The clinical studies using fondaparinux demonstrated that selective inhibition of factor Xa is a highly effective approach to the prevention and treatment of venous thromboembolism as well as the management of acute coronary syndromes. This has given impetus to developing oral direct factor Xa inhibitors for the prevention and treatment of patients of thrombosis. It should, however, be noted that these agents inhibit factor Xa within the assembled pro-thrombinase complex as well as free factor Xa, while fondaparinux is only able to inhibit the pool of free factor Xa in the blood.

The oral direct factor Xa inhibitors that are in clinical development include rivaroxaban (BAY 59-7939), apixaban (BMS), YM150 (Astellas), DU-176b (Daiichi), LY517717 (Lilly), and PRT054021 (Portola). Rivaroxaban (Bay 59-7939) is a non-peptidic, orally bioavailable, small molecule that directly inhibits factor Xa. It has a rapid onset of action and a half-life of 5–9 hours. The ODIXa-KNEE and ODIXA-HIP were phase II multicenter, parallel group, double-blind dose-ranging studies in patients undergoing total hip and total knee replacement, respectively.^25,26 These studies investigated a 12-fold dose range of rivaroxaban (total daily dose 5–60 mg) given twice daily in patients undergoing total hip (N = 722) and total knee (N = 621) replacement; an additional phase II study in patients undergoing total hip replacement investigated an 8-fold dose range of rivaroxaban given once daily (N= 873).

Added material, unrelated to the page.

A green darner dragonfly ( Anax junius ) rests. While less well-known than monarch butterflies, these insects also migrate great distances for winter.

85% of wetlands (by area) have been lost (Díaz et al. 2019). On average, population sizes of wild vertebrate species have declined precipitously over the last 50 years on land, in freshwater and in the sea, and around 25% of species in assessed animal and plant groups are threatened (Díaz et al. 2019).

Total rivaroxaban daily doses of 5–20 mg had similar safety and efficacy to enoxaparin for the prevention of VTE following major orthopedic surgery. A dose of 10 mg administered once daily starting 6 hours after surgery is the dose undergoing evaluation in the large phase III RECORD program, which includes two double-blind studies in total hip replacement and two in total knee replacement. The trials will include over 10,000 patients, and the comparator anticoagulant in all four studies is enoxaparin. One of the studies in patients undergoing total hip replacement will evaluate the efficacy of 5 weeks of rivaroxaban prophylaxis versus 10–14 days of enoxaparin. Phase II trials of rivaroxaban in the treatment of VTE have been completed; phase III studies for this indication and stroke prevention in atrial fibrillation have been initiated.

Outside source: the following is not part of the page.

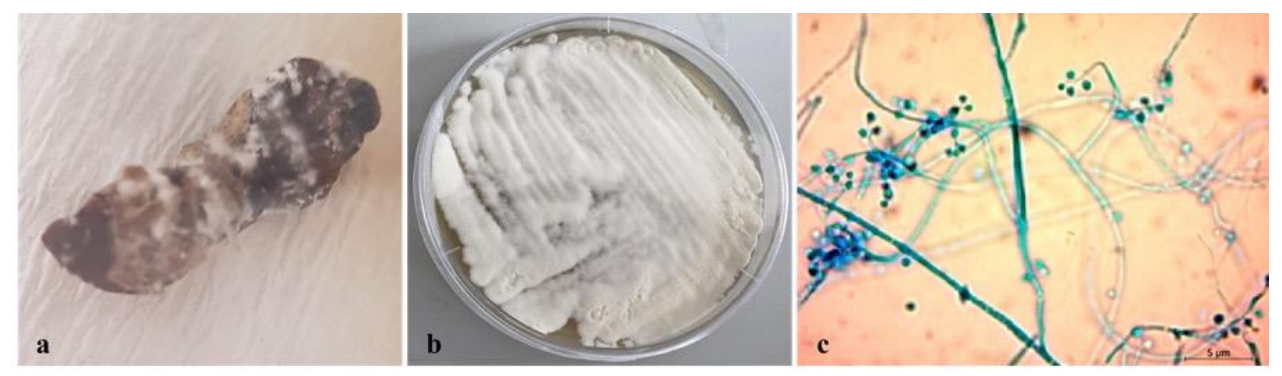
Figure 1. Macroscopy and microscopy of Beauveria bassiana HS1 strain. a) A larval cadaver showing mycosis naturally infected by the new strain. b) Macroscopic image of the HS1 strain on CAF. c) Mycelial and spore structures of the HS1 strain.

Fungi were isolated from the larval cadavers of the Hatay yellow strain brought to the laboratory. Based on the morphological images of the isolated fungal isolates on agar plates, one of the strains (HS1) was determined to be a new entomopathogenic fungal isolate. The isolate was morphologically defined according to conidia shape, conidia size, colony morphology and color, and symptoms in cadavers (Figure 1).

Selective inhibitors of specific coagulation factors represent a new class of antithrombotic agents. As compared to conventional drugs, they have the potential to be more effective, safer and easier to use. Clinical studies with the parenteral factor Xa inhibitor fondaparinux indicate that selective inhibition of factor Xa is a highly effective approach for the prevention and treatment of VTE. Other selective inhibitors of factor Xa and thrombin including a number of oral agents are currently in development. Approval of one or more of these agents will lead to an improved drug armamentarium for the prevention and treatment of thrombosis.